President Trump and Congressional Democrats recently came to an agreement to pursue funding for a $2 trillion infrastructure plan. The plan is supposed to improve the country’s roads, highways, railroads, and broadband internet access. But is this taxpayer-funded plan really necessary? And will it provide the benefits that its creators say it will?
The problem with infrastructure in the US is that it is largely government-built, government-owned, and government-provided. Take roads as the classic example. They’re build and maintained by the government. That’s socialism. And what do we know about socialism? We know that it is impossible for a socialist system to engage in economic calculation in order to determine how much to spend and where.
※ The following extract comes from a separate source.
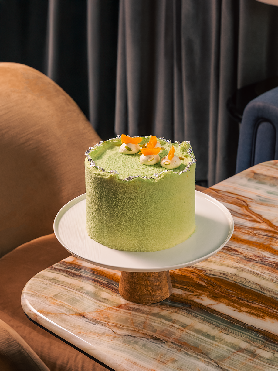 Toasted pistachios meet the brightness of tangy berries in this nutty, fruity composition. A cake with layers of complexity.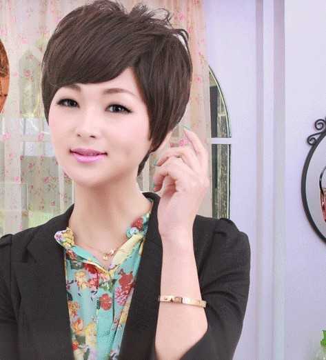 一款超短的女生发型,更多展现给大家的是一个干练知性美的小女人,顶部蓬松的发丝制造明显的立体感,微斜的刘海更是将女生的小脸尽显其中,小西装的时尚搭配,2013秋季里十分优雅感!

All the debates about improving infrastructure are really just debates about how best to improve the provision of goods that are being provided through socialist means. Ultimately any plan that doesn’t get at the root of the problem, that these goods are being provided through socialism, will fail to succeed. The problem isn’t the fact that there isn’t enough money or not enough maintenance, it’s the fact that a socialist system cannot provide these goods in a manner that will adequately satisfy consumer demand.
When you think of the amount of money that Americans pay in gasoline taxes, money that is supposed to pay for roads, and think of how that money is squandered, it makes you angry. But that’s the nature of socialist systems. The government road system can’t go out of business, it continues to charge users indirectly through gas taxes rather than directly through use taxes, and it continues to give bloated contracts to politically-connected construction firms to build and maintain roads. Is it any wonder then that the country’s infrastructure is crumbling?
There’s more than enough money out there to fix the nation’s infrastructure, it’s just misspent because of the nature of how the infrastructure is built and provided. Solutions that fail to address those structural issues are doomed to fail and will only waste even more trillions of taxpayer dollars.